**What the task requires:** Starting with the line that has "The Slide on" and finishing with the line that has "for handmade candles.", set down each line below exactly. Pictures are not copied.

**Dataset records:**
————

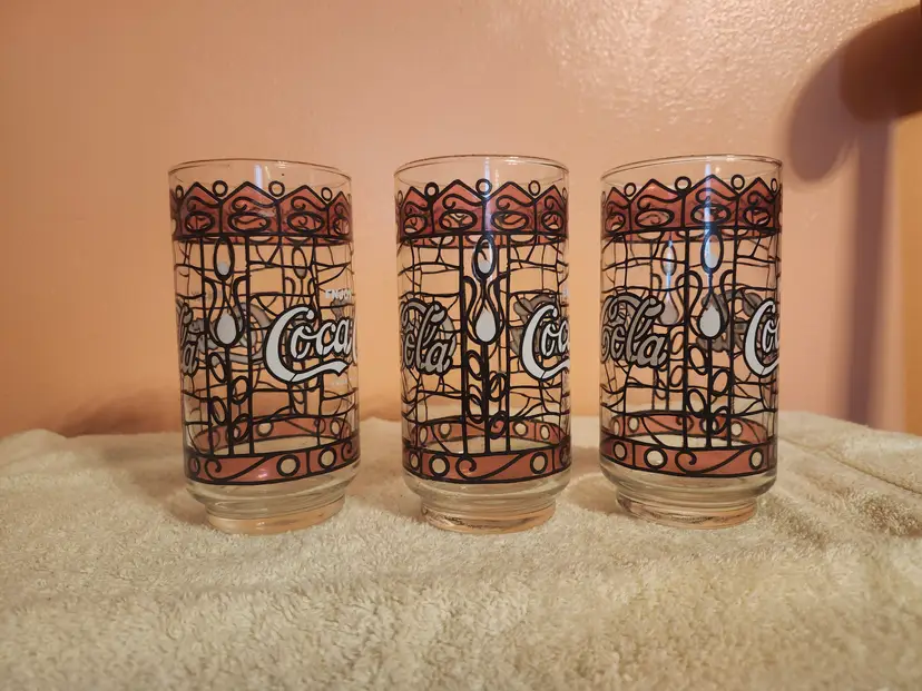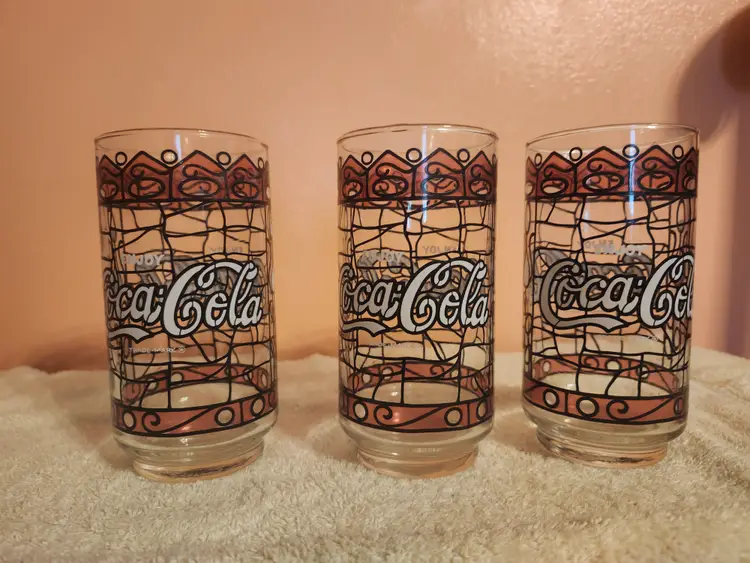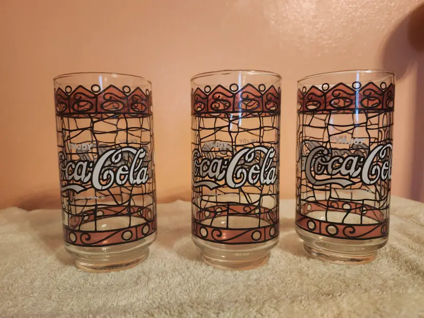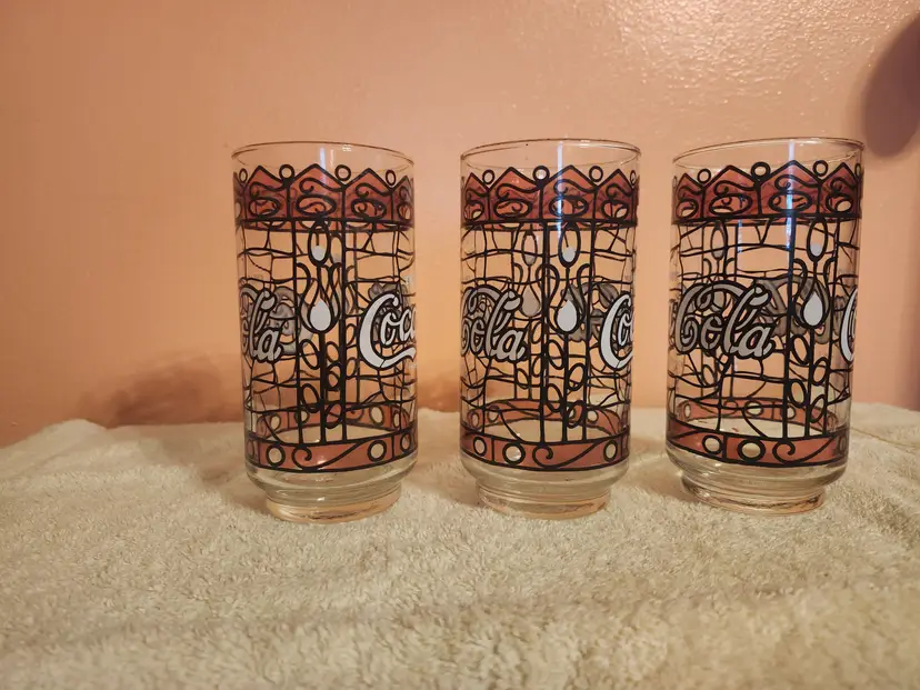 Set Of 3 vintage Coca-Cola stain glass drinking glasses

————

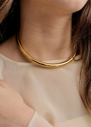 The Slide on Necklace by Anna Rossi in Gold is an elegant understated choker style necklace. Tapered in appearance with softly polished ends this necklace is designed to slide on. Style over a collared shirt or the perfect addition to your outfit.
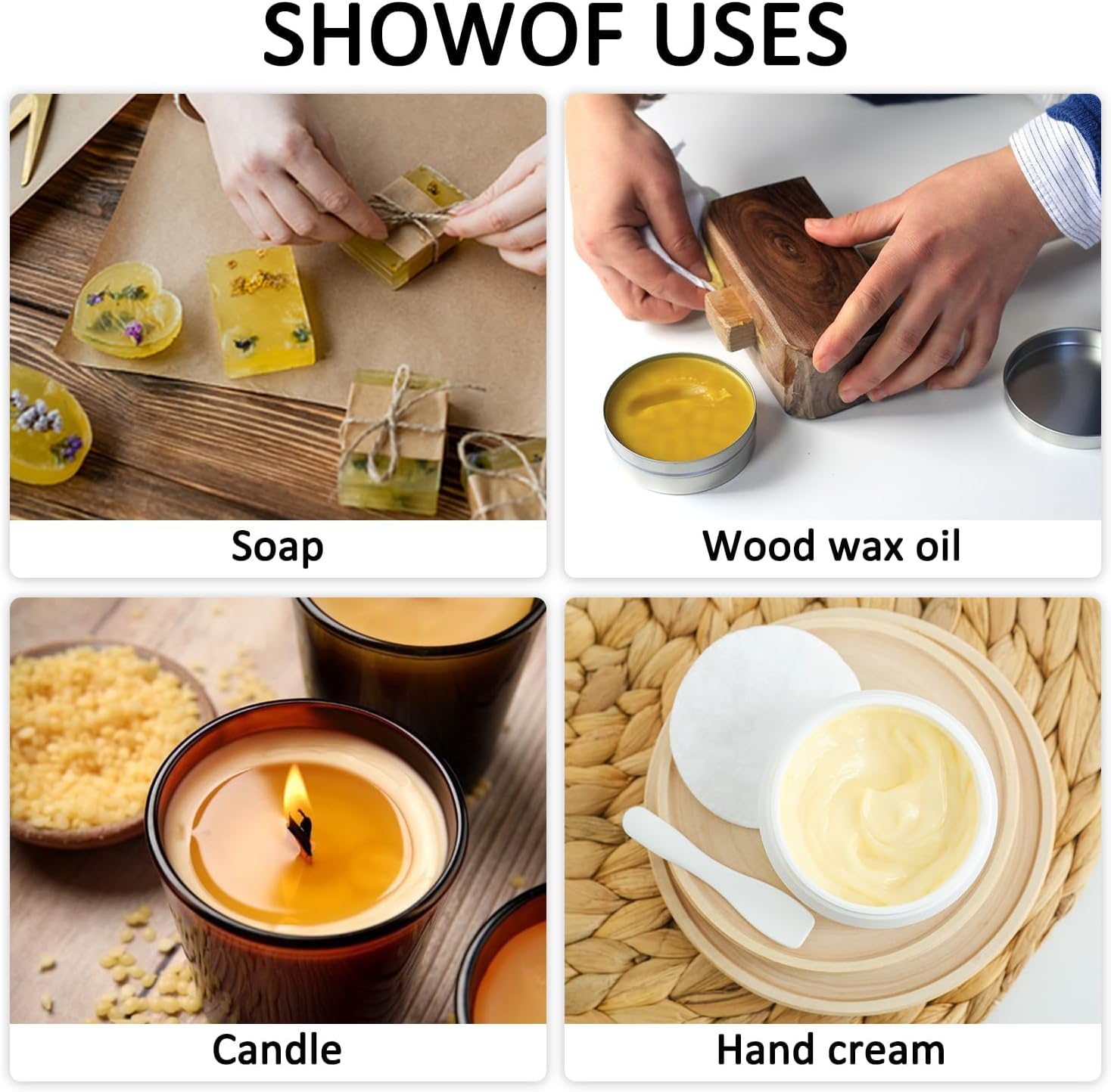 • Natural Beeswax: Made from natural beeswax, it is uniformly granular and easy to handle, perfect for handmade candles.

————

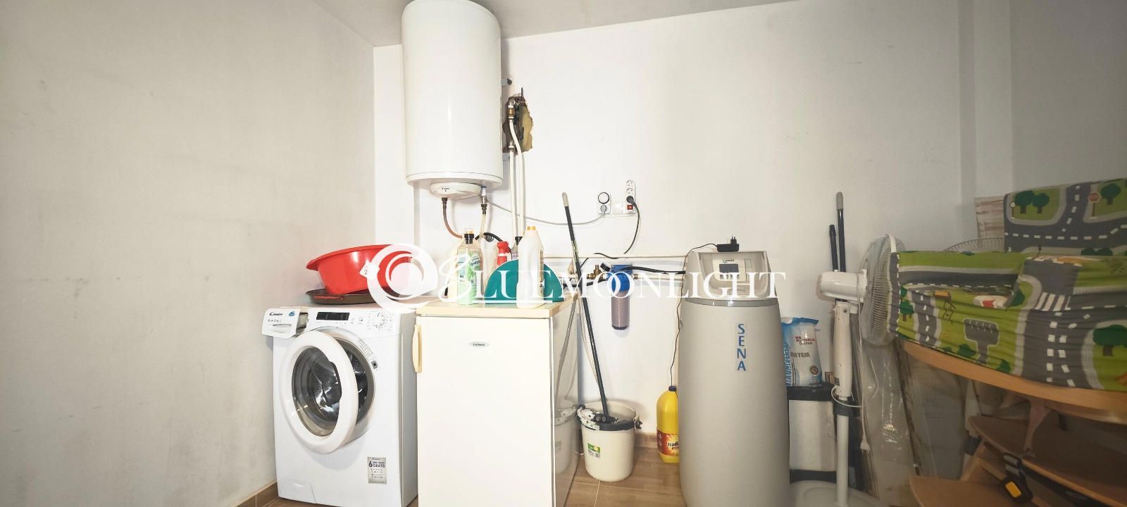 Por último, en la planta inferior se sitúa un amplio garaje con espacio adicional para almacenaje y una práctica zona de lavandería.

————

**Solution for this task:**
 The Slide on Necklace by Anna Rossi in Gold is an elegant understated choker style necklace. Tapered in appearance with softly polished ends this necklace is designed to slide on. Style over a collared shirt or the perfect addition to your outfit.
 • Natural Beeswax: Made from natural beeswax, it is uniformly granular and easy to handle, perfect for handmade candles.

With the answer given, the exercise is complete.